Oh man, previsioning the hearse,
With fortitude accept your curse!
The light grew unbearably bright, causing her to throw up one hand and shrink back. Suddenly, she lurched forward, her feet landing on a soft rug. She stumbled and fell.
The Hero of Bowerstone rose in a deft motion that had saved her life on countless occasions. She stood under a glowing, dim light that did not eat into the deep shadows surrounding her. For a moment, all was quiet.
"It is many years from now," Theresa murmured, her voice echoing hollowly around Elizabeth. "A Queen feels age weighing her down, along with the responsibility of an entire kingdom."
Astonished, Elizabeth looked down to see her light armor had been replaced with a billowing gown of fine red velvet. It cinched tightly at her waist, flowing back out behind her like a fan, the edges of her train embroidered with thread of a bright gold. A sudden weight placed pressure on her head and her hand shot up to protect it, only to close around the filigree and jewels of a royal crown. As she lowered her hand, her eyes widened to see it wrinkled and spotted with advanced years.
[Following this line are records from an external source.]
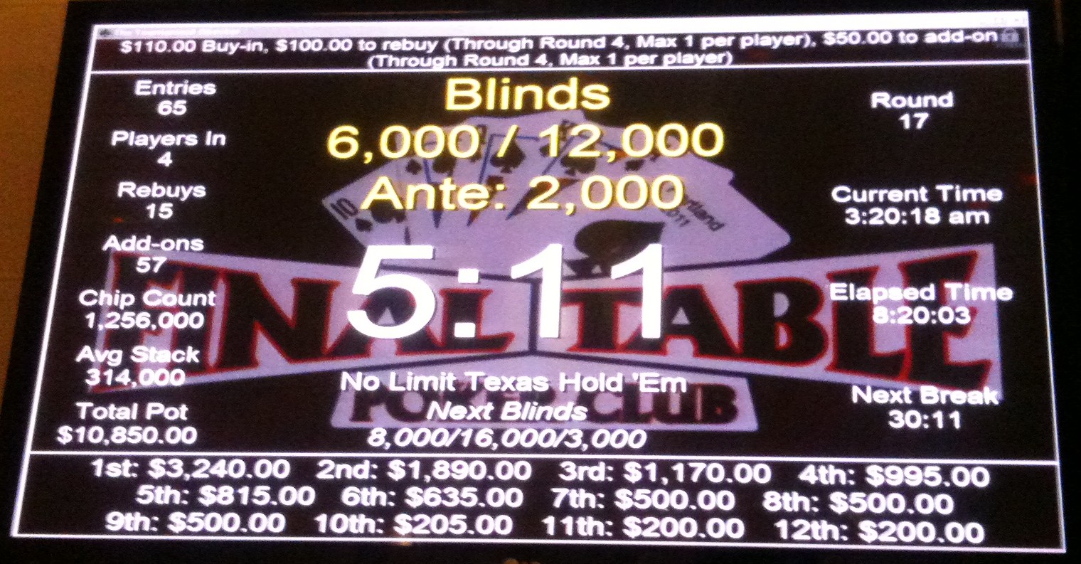 Big games in Portland this next weekend, as Final Table holds its “Fifth Friday” $20K tournament, and Encore Club has Portland’s first $40K of the year. Hoping to do well enough to finance a little expedition to Vegas and LA at the end of this next month.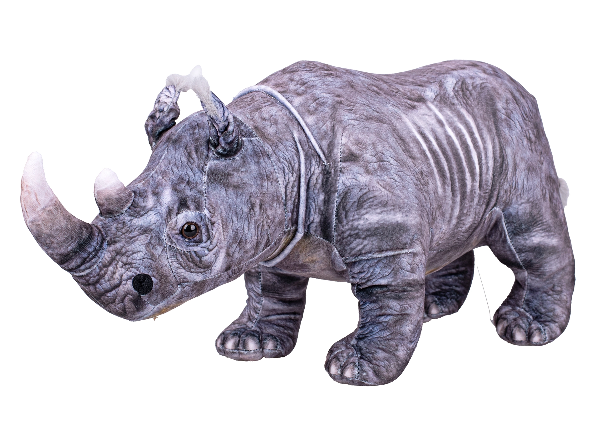 Un rinoceronte bianco di peluche carino e allo stesso tempo realistico, lungo 47 cm, che farà felici piccoli e grandi amanti degli animali. Ha una posizione stabile, in piedi, un materiale morbido e soffice, sicuro fin dalla nascita, ed è perfetto sia per giocare sia come decorazione stilosa per la cameretta.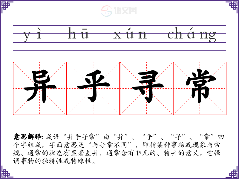 成语“异乎寻常”由“异”、“乎”、“寻”、“常”四个字组成。字面意思是“与寻常不同”,即指某种事物或现象与常规、通常的状态有显著差异,通常含有非凡的、特异的意义。它强调事物的独特性或特殊性。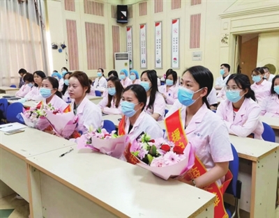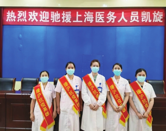 今年的3月31日至5月7日,刘萍、陈素梅、谢景慧、吴周、薛佳伦五位同志,积极响应上级号召,时刻始终牢记习近平总书记“把人民群众生命安全和身体健康放在第一位”的重要指示精神,时时处处闻令而动,在上海市新冠肺炎疫情最严峻的时刻,以身作则,逆行出征,先后辗转上海市宝山区、嘉定区、浦东新区等多处,历时38天英勇奋战,用实际行动践行着伟大抗疫精神,诠释着医者初心使命,圆满完成了上级交办的各项任务。绶带、鲜花和掌声是对英雄的馈赠,更是全院干部职工对5位巾帼英雄的敬佩。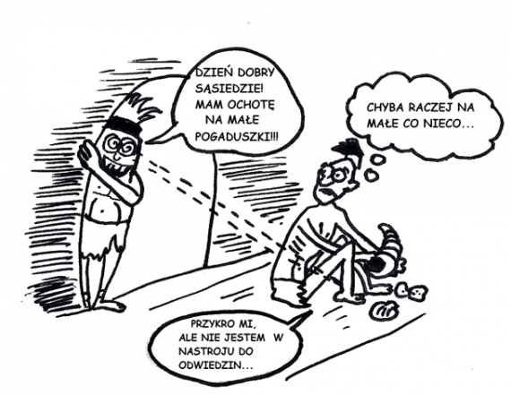 Taki człowiek z wyspy nigdy nie mógł być pewien, czy sąsiad wpada do niego na pogaduchy o pogodzie, czy może ma ochotę na jego soczystą łydkę. A ponieważ nie było telefonów ani emaili, to nie mogli się umówić wcześniej co do celu wizyty.

"Walk forward," the Seer ordered. Nervously looking into the seemingly impenetrable darkness, Elizabeth obeyed.
The glowing light followed her and expanded, its warmth widening to include a line of men who stood in stiff ranks on either side of the purple runner in the middle of the floor. Cautiously, Elizabeth approached them, feeling naked without her katana or rifle at her back. At least she could summon her Will if needed.
"These are her men – loyal soldiers who would die for her. Many already have on battlefields at home and in faraway lands."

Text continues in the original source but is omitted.